4.10       Insurance. Schedule 4.10 lists and describes (including, without limitation, the nature of coverage, limits, deductibles, premiums and the loss experience with respect to each type of coverage) all policies of insurance maintained by the Company with respect to product recalls and product liability claims related to Company (the “Insurance Policies”). Such Insurance Policies are valid, outstanding and enforceable in accordance with their terms and all premiums due thereon have been paid. Schedule 4.10 sets forth a summary of information pertaining to all claims made by the Company at any time within the past three (3) years under any Insurance Policy, and all claims which are currently pending under any Insurance Policy.
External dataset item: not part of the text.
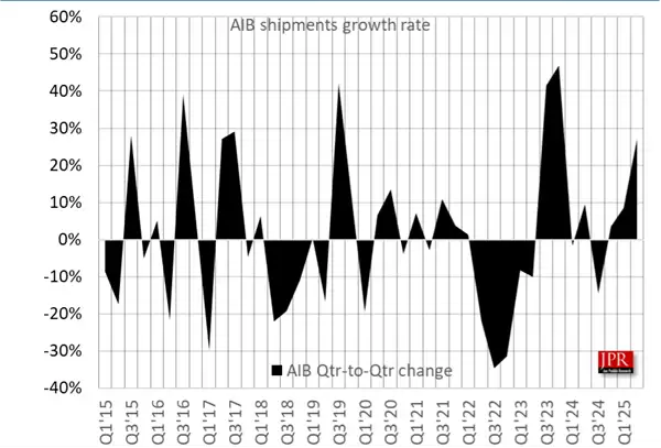根据权威机构JPR的最新报告,2025年第二季度全球独立显卡出货量1160万块,总装机量1.63亿块。
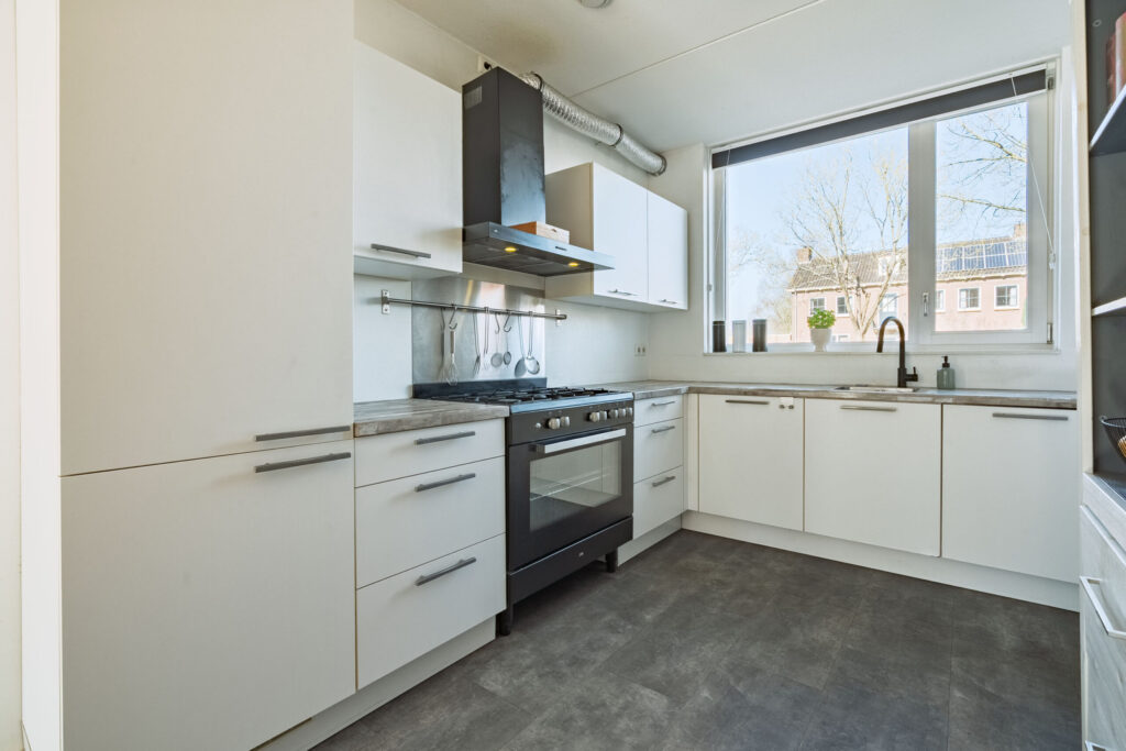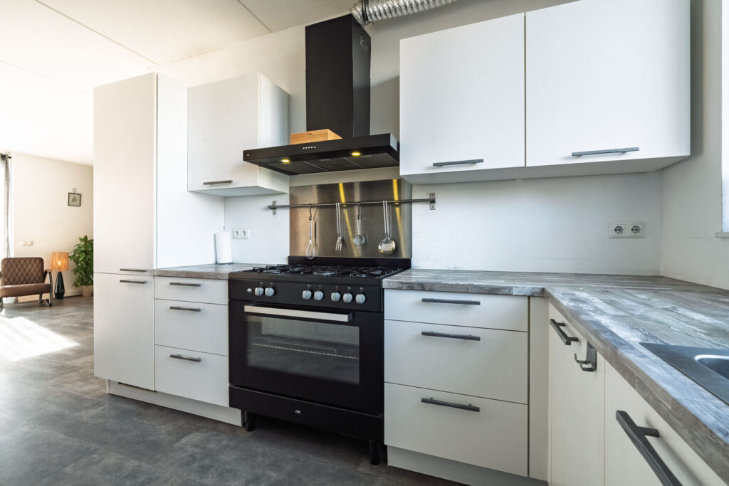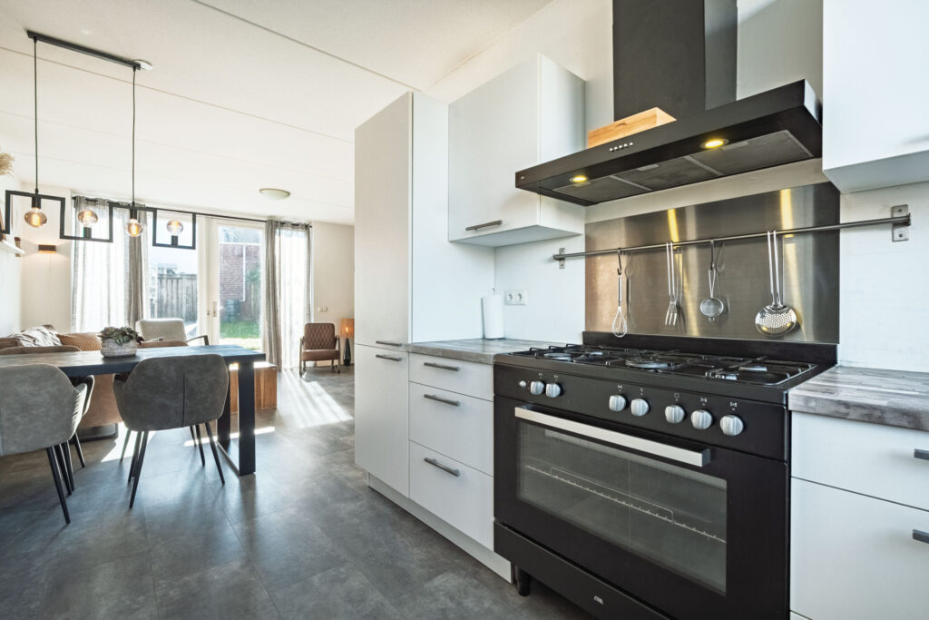 De keuken is gesitueerd aan de voorzijde van de woning en is voorzien van diverse apparatuur, te weten: een gasfornuis, afzuigkap, oven, koel-/vriescombinatie en een vaatwasser.

Except as set forth on Schedule 4.10, all of such claims have been satisfied or are being defended by an insurance carrier.

 

 

4.11       Confidentiality.

 

(a)       Seller hereby agrees that it shall: (i) treat all Confidential Information in a confidential manner; (ii) take all precautions with the Confidential Information that it takes with its own confidential information, which, at a minimum, shall be taking all steps reasonably necessary to insure the maintenance of confidentiality; (iii) not use any of the Confidential Information for its own or a third party’s benefit; (iv) keep strictly confidential the terms of this Agreement and the related documents and (v) not communicate or disclose, orally or in writing, any of the Confidential Information to any person, either directly or indirectly, under any circumstances without the prior written consent of Buyer. As used in this Agreement, the term “Confidential Information” shall mean all information, data, studies, forecasts, compilations, reports, interpretations, records, statements, documents, notes, intellectual property, processes, ideas, techniques, methods, products, services, research, development, distribution, purchasing, marketing, selling, customers, suppliers or trade secrets (whether oral, written or electronic) related to Buyer, the Company, or the purchased Shares. Additionally, all information which Seller has a reasonable basis to believe to be Confidential Information, or which Seller has a reasonable basis to believe Buyer treats as Confidential Information, shall be deemed to be Confidential Information. Notwithstanding the foregoing, information shall not be deemed to be Confidential Information if it is generally known and publicly available, without the fault of Seller. Notwithstanding the foregoing, Seller may use Confidential Information to the extent necessary to create financial statements for the pre-Closing periods, distribute such financial information to Seller’s directors, officer, stockholders, and professional advisors, and complete and file any tax returns that require the use of such Confidential Information.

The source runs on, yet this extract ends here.